*What the exercise asks*. From the data that follows, print exactly the lines starting at the one containing "Пушистые блины с" and ending at the one containing "Modisは、2013年より"; include both of them and nothing more.

*Supplied data*.
== Segment start ==
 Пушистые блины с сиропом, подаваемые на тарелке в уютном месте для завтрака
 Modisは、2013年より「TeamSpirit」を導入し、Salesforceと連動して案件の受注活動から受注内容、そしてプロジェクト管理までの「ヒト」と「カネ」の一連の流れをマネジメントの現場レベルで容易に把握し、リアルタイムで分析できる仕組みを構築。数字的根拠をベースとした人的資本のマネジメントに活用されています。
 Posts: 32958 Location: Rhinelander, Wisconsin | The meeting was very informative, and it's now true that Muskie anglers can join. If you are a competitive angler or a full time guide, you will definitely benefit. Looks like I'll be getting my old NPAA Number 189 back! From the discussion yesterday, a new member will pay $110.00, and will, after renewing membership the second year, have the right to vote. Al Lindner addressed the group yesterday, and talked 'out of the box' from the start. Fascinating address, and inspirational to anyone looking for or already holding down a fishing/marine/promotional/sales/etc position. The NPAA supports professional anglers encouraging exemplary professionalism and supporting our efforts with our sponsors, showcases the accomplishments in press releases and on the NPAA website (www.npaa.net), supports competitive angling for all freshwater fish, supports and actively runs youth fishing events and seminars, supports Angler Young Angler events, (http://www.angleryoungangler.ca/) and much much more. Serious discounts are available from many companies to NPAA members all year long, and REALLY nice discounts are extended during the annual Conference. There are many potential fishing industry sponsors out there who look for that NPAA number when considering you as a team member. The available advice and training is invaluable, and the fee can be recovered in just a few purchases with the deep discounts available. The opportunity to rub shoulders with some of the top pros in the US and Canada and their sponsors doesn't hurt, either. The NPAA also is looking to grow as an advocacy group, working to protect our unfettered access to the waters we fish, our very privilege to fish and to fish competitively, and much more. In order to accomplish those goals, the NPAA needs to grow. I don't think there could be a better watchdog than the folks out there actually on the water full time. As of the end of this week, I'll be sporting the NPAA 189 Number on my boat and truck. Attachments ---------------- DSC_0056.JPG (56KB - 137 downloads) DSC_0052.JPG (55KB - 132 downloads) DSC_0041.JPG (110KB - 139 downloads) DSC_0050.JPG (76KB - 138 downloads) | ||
== Segment end ==
== Segment start ==
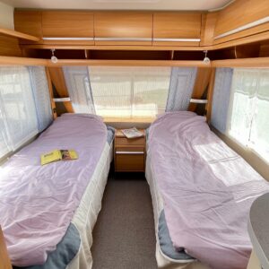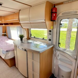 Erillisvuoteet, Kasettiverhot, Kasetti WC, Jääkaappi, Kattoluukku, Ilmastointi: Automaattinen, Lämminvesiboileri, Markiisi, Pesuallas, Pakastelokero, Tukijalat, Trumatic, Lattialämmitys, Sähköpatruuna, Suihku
== Segment end ==
*Expected answer*.
 Пушистые блины с сиропом, подаваемые на тарелке в уютном месте для завтрака
 Modisは、2013年より「TeamSpirit」を導入し、Salesforceと連動して案件の受注活動から受注内容、そしてプロジェクト管理までの「ヒト」と「カネ」の一連の流れをマネジメントの現場レベルで容易に把握し、リアルタイムで分析できる仕組みを構築。数字的根拠をベースとした人的資本のマネジメントに活用されています。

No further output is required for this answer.